Microinstructions define the control signals (ALU operation, register writes, memory access) executed during each clock cycle. Hardwired control derives these directly from the instruction; microprogrammed control stores microcode in ROM.
From your study of the CPU control unit, you know that the processor must generate the right signals at the right time to orchestrate data movement through the datapath. A microinstruction is a single word — a bit pattern — where each bit or group of bits directly controls one piece of the hardware: which registers to read, what operation the ALU should perform, whether to write to memory, whether to update the program counter. Think of it as a row of switches, where each switch enables or disables a specific datapath action for one clock cycle.
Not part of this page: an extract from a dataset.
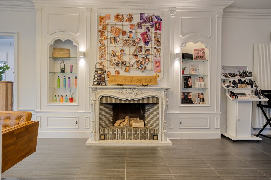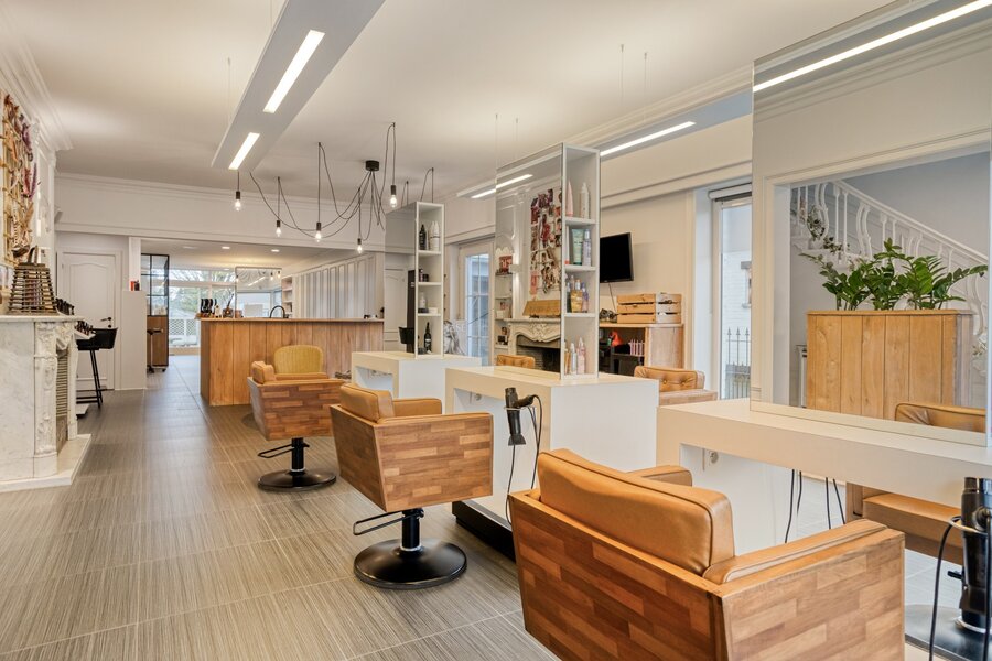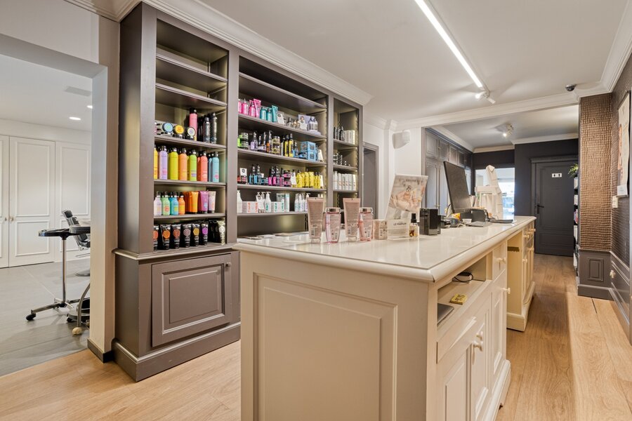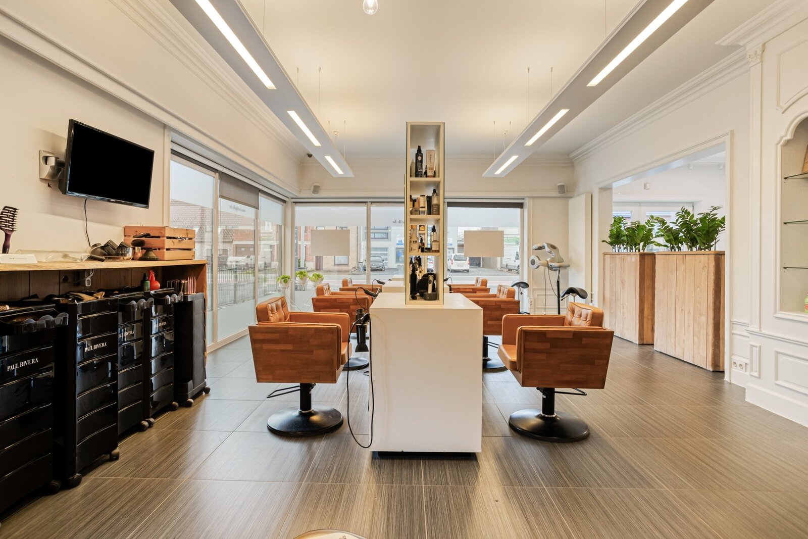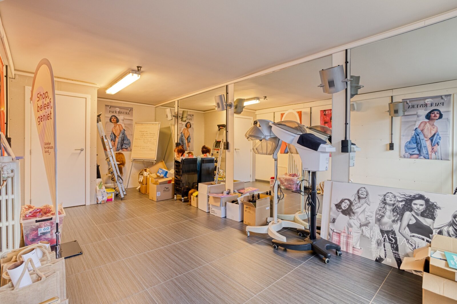 De volledige gelijkvloerse verdieping is thans ingericht als een hoogwaardige schoonheids- en kapperszaak met:
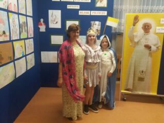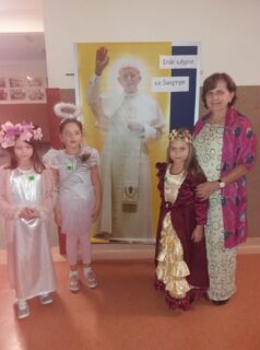 Kolejna część spotkania była wypełniona wspólnym śpiewaniem piosenek, tańcami i mini- konkursami, które prowadziła s. Katarzyna oraz wolontariusze z klas starszych.  Odbyło się też podsumowanie wcześniej zapowiedzianego konkursu na najładniejsze przebranie. Wyróżniono i nagrodzono szesnastu uczestników balu. Czas upływał w radosnej atmosferze. Każdy chętny mógł zrobić sobie zdjęcie ze św. Janem Pawłem II, stając przy Jego dużym wizerunku.

A complete machine instruction (like ADD or LOAD) typically requires a sequence of these microinstructions, called a microprogram. For example, executing an ADD instruction might take three microinstructions: one to fetch the instruction from memory, one to read source registers and configure the ALU, and one to write the result back. Each microinstruction activates a different combination of control signals. The microprogram for each machine instruction is stored in a small, fast read-only memory called the control store. When the processor decodes a machine instruction, it looks up the starting address of the corresponding microprogram and steps through it one microinstruction per clock cycle.
The format of a microinstruction involves a design tradeoff between width and encoding density. In a horizontal microinstruction, each control signal gets its own dedicated bit — the word is wide (potentially hundreds of bits) but simple to decode because each bit maps directly to a wire. In a vertical microinstruction, control signals are encoded into smaller fields that must be decoded through additional logic, producing narrower words but requiring an extra decoding step. Most real designs use a hybrid approach, grouping mutually exclusive signals (like ALU operations, where only one can be active at a time) into encoded fields while leaving independent signals as direct bits.
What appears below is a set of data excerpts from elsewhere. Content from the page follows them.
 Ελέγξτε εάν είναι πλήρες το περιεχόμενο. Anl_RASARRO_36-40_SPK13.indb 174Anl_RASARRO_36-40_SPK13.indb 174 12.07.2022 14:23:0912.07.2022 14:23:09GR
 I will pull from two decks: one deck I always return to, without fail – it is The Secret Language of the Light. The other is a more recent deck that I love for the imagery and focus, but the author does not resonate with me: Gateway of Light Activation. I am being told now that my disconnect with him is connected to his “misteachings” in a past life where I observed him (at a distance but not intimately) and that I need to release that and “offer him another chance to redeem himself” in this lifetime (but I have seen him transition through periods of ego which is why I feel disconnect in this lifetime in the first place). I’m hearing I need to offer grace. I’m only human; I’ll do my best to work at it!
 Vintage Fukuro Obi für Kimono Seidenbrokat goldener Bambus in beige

The alternative to microprogrammed control is hardwired control, where combinational logic circuits directly generate control signals from the instruction opcode and the current cycle. Hardwired control is faster because there is no control store lookup, but it is inflexible — changing or adding instructions requires redesigning the logic. Microprogrammed control trades some speed for enormous flexibility: fixing a bug or adding a new instruction means changing microcode in ROM rather than rewiring hardware. This tradeoff explains why early complex instruction set computers (CISC) favored microprogramming, while simpler RISC architectures could afford hardwired control due to their smaller, more regular instruction sets.